The question of whether AI will make developers jobless is one of the most common things I’ve heard lately. My short and honest answer is: No, AI will not make developers jobless, but it will fundamentally change the nature of our work and put some developers, especially those who cannot adapt to change, in a difficult position. Based on my 20 years of experience in system architecture, network, and software development, this transformation encompasses much more than just writing code.
Once, in an ERP project for manufacturing, I asked AI to generate boilerplate code for a module. Its initial output looked quite good, quickly creating an API endpoint and models for simple CRUD operations. However, I found that AI was completely inadequate at understanding the critical part of the job: the complex business workflow that checks whether a product has passed its final quality control before shipment and affects stock movements between different warehouses, and then translating that into code. AI can form coherent sentences, but it cannot understand the spirit of the business.
How Much Code Can AI Write and What Are Its Limits?
AI models, especially large language models (LLMs), have made incredible progress in tasks such as writing code, refactoring, debugging, and creating test scenarios. Quickly spinning up an HTTP server, generating ORM models from a database schema, or writing a function according to a specific algorithm is now possible in seconds. I’ve greatly benefited from AI when creating simple endpoints for FastAPI in the backend of my side product or designing basic UI components for an Android spam app.
However, there are clear limits to AI’s capabilities. Current AIs struggle to understand complex business logic, organizational flows, or subtle dependencies between different systems. As I’ve seen in an internal banking platform, it’s currently impossible for AI alone to correctly interpret and code layered rules such as security requirements, regulatory restrictions, and approval processes from different departments for a financial transaction. AI only processes the patterns and existing data it’s given; it cannot grasp the deep cause-and-effect relationships or the strategic purpose behind those patterns.
Where Has AI Fit Into My Experiences?
I see AI as a “co-pilot” in my work, never an “autopilot.” Especially when developing an ERP for a manufacturing company, we used AI for production planning optimization. We received predictions from AI to analyze data from operator screens and optimally adjust inventory and shipment dates. This provided an efficiency far beyond manual planning.
However, the job of providing AI with the correct data, training models, interpreting its outputs, and seamlessly integrating these outputs into the existing ERP flow was entirely up to me and my team. In critical system administration tasks like determining index strategies in a PostgreSQL database, setting Redis’s OOM eviction policy, or managing journald limits in the system, the simple command suggestions offered by AI were often insufficient. That’s where real experience and the answer to the “why” question come into play.
How Is the Developer’s Role Changing in the Future?
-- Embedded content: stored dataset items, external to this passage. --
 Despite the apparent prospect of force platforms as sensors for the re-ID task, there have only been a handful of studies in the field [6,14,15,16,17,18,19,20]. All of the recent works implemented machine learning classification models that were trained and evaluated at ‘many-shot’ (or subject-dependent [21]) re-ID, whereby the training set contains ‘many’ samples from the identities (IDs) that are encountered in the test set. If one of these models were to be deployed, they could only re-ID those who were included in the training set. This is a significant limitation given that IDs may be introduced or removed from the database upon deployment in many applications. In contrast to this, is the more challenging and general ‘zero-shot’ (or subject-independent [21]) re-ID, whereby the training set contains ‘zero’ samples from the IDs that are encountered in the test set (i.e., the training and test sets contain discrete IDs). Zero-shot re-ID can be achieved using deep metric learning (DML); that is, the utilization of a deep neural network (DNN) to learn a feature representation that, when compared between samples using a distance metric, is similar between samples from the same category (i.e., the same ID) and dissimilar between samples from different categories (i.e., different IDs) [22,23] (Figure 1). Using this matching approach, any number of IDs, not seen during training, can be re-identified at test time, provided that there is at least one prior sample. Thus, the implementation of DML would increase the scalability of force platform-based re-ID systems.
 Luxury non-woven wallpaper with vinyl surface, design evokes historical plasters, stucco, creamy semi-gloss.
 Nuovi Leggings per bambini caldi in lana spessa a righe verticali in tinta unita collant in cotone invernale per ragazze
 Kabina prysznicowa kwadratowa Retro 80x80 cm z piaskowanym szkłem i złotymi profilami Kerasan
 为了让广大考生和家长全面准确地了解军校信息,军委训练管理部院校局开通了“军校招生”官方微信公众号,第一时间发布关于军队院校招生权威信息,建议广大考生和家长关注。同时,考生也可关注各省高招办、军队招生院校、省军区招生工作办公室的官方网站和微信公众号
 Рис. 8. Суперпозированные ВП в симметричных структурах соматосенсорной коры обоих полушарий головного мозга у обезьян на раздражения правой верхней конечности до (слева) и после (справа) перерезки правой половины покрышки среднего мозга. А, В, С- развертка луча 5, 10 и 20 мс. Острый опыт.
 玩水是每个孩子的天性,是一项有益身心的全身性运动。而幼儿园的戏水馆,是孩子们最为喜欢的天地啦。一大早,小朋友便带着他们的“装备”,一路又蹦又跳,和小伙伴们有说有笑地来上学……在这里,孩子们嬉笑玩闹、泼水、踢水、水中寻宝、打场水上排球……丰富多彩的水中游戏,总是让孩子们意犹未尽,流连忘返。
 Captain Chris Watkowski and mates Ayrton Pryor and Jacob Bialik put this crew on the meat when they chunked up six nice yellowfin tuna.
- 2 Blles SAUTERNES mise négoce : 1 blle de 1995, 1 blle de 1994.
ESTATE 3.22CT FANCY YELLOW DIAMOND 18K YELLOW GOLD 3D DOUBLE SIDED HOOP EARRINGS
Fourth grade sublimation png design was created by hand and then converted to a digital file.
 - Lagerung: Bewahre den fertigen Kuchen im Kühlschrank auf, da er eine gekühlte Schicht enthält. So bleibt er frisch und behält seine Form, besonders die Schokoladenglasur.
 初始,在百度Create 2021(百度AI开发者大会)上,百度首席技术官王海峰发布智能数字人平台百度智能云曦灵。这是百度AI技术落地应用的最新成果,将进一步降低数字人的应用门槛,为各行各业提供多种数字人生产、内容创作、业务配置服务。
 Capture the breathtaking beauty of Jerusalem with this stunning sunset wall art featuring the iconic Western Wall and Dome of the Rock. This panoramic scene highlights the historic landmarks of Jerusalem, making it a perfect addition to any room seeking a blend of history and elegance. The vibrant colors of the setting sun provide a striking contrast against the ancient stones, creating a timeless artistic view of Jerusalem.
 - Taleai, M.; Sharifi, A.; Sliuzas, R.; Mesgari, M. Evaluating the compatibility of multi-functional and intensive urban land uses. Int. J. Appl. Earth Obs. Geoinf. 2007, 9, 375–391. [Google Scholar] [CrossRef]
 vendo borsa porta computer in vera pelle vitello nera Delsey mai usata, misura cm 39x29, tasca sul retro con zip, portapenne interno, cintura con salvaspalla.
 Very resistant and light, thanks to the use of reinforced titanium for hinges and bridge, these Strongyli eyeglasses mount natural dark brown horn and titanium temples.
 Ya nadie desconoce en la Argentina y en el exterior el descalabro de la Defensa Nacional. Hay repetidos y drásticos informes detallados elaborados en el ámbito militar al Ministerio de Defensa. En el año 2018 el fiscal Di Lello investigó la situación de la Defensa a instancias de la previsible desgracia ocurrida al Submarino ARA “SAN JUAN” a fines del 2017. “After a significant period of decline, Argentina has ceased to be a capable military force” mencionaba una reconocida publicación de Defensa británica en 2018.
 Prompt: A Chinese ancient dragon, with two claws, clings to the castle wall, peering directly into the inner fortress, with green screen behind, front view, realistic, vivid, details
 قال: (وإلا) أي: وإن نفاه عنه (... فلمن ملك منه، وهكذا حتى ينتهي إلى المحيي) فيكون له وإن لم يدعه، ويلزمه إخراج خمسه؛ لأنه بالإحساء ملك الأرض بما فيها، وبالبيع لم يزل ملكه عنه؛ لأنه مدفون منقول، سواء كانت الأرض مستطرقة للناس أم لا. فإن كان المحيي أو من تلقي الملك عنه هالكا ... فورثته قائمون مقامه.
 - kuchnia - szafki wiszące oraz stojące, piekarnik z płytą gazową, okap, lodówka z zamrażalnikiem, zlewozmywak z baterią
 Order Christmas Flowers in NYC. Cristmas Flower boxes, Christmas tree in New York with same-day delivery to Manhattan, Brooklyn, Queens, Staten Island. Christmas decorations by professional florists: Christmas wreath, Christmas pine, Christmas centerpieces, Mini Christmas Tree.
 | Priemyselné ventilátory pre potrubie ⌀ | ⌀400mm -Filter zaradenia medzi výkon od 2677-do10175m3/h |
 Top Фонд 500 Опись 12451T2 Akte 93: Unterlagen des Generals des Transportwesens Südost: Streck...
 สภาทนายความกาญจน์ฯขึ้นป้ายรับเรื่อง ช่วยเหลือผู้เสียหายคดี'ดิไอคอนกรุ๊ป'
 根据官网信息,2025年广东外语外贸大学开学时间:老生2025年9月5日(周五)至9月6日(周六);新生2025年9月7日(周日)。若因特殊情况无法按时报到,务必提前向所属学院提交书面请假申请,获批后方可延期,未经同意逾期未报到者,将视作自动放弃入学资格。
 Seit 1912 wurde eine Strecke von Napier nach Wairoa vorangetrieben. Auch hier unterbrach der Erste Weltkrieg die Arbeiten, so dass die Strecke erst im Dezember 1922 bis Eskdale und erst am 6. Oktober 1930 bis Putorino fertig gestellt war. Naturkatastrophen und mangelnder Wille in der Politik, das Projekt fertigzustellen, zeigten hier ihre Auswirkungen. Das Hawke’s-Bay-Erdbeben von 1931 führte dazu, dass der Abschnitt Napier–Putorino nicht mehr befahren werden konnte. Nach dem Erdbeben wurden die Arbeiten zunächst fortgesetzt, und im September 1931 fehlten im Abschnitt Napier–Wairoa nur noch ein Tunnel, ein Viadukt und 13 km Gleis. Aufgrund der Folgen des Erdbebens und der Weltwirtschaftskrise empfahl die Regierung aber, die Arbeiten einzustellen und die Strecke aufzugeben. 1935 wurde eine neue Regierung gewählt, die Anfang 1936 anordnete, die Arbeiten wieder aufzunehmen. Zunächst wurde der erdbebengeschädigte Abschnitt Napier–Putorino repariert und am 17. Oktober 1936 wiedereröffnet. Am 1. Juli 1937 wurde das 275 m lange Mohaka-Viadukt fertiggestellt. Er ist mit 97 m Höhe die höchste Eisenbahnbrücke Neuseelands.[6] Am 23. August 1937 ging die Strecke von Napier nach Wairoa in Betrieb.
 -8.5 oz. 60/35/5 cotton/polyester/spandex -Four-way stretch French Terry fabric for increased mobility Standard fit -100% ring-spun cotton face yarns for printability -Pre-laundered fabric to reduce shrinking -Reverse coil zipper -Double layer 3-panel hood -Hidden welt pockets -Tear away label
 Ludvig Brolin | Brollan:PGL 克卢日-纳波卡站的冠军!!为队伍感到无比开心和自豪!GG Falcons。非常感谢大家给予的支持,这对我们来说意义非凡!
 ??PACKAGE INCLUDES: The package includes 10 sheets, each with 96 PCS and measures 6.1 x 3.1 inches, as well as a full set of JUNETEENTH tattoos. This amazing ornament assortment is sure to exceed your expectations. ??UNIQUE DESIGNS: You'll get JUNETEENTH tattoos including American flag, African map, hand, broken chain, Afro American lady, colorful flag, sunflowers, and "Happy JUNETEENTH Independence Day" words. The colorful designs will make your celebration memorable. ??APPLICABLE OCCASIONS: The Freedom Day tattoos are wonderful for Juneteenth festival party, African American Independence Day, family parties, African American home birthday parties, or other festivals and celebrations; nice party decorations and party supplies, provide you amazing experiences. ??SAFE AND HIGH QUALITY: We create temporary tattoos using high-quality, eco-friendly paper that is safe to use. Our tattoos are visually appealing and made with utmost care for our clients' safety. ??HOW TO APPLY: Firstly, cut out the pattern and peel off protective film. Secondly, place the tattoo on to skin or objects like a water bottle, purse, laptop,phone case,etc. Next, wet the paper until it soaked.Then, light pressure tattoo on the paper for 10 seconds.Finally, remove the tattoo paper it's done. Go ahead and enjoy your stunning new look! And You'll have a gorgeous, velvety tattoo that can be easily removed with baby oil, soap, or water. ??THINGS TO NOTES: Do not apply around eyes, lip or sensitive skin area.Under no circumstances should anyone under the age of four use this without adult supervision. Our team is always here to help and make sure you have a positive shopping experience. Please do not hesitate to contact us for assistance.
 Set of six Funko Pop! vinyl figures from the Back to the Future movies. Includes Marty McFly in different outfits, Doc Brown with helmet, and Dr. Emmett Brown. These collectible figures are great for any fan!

With the rise of AI, the role of developers will shift towards higher-level thinking, problem-solving, and system architecture. Rather than writing raw code, asking AI the right questions (prompt engineering), critically evaluating AI’s output, and integrating this output into existing complex systems will become more valuable. I can get ideas from AI when designing a ZTNA architecture or examining a BGP routing decision, but I make the final decision based on my own experience and risk analysis.
Especially when working on AI application architectures like RAG (Retrieval-Augmented Generation) or agent patterns, I’ve seen how critical it is to ensure that AI doesn’t just rely on what it has learned, but can also access the specific and up-to-date information I provide. This strengthens the developer’s role as an “information manager” and “system integrator.” The developer of the future will need to know the business domain very well, in addition to technical knowledge; because it will be that domain knowledge that tells AI what to optimize.
Is the Real Risk of AI Joblessness, or Something Else?
In my opinion, the real risk of AI for developers is not joblessness, but resistance to change and loss of competence. If a developer sees AI only as a “code-writing machine” and doesn’t bother to learn and use it, or blindly trusts the code produced by AI, then they can truly lose their competitive edge. Last month, I got a timer config for a systemd unit from AI; it looked correct at first, but it entered an unexpected OOM-killed loop due to the Restart policy. To understand this, I again had to use my knowledge of Linux services and cgroup limits.
So, the issue is not how well AI writes code, but how well we understand, manage, and work with AI. The human brain still possesses adaptability, abstract thinking power, and ethical judgment that AI does not. If we develop these abilities and use AI as an extension of ourselves, we can achieve much greater success in software development.